Most users don't need 12Gbps storage yet. I bet that if I connected my Samsung 840 PRO to a SATA 3Gbps system, I couldn't tell the difference in performance unless I did something that really did exploit the bandwidth potential. As it is, I've got a new WDB 1TB and that SSD in my system, so if I'm transferring between the two, the maximum throughput I'm likely to get is 180MB/sec. I don't often do large file copies that are purely on the SSD.
IMO, get SATA 12Gbps on the table with the usual backwards compatibility, then spend time coming up with an elegant replacement for SATA that has some decent evolutionary headroom.
According to wikipedia, PATA was around (ie. 'current') for 17 years. If SATA was phased out in 2014, that would be nine years in total. I still have some PATA drives knocking around. Boards had PATA sockets until about 2-4 years ago.
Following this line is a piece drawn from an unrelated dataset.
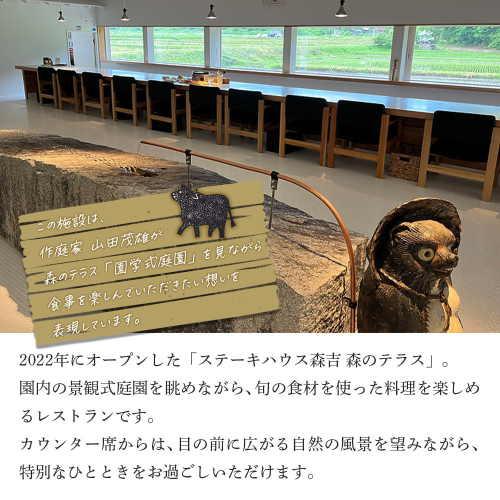 ★森のテラスの庭園を眺めながらお食事をお楽しみ下さい ★赤身ステーキ200gにハンバーグも付きます 2022年オープンしたステーキハウス森吉森のテラス。 この施設は森のテラスの園学式庭園を見ながら、食事を楽しんでいただきたい想いを表現しています。 カウンター席で目の前に広がる風景を眺めながら、食事をお楽しみください。 営業時間:11:30~14:00(入店13:30)、17:30~21:00(入店19:00) 定休日:毎週月曜日 お食事内容:赤身ステーキ200gハンバーグ付き、サラダ、ライスまたはパン、スープ、デザート、ドリンク ■ 秋田県 北秋田市 ■ ステーキハウス 森のテラス 庭園 庭 風景 景色 赤身肉 ハンバーグ

If the successor to SATA isn't properly planned out, then we could end up replacing it in half the time SATA has been around. It would be a royal PITA for everyone involved. AFAIK no version of Windows supports booting off of a PCIe SSD yet, let alone what is dreamed up after SATA or the successor to that.
Furthermore, getting companies to work within constraints is sometimes helpful - before netbooks came along, who would have thought that Windows's memory footprint would actually DROP with future versions? Similar things have happened with regard to power usage and processor design due to practical constraints.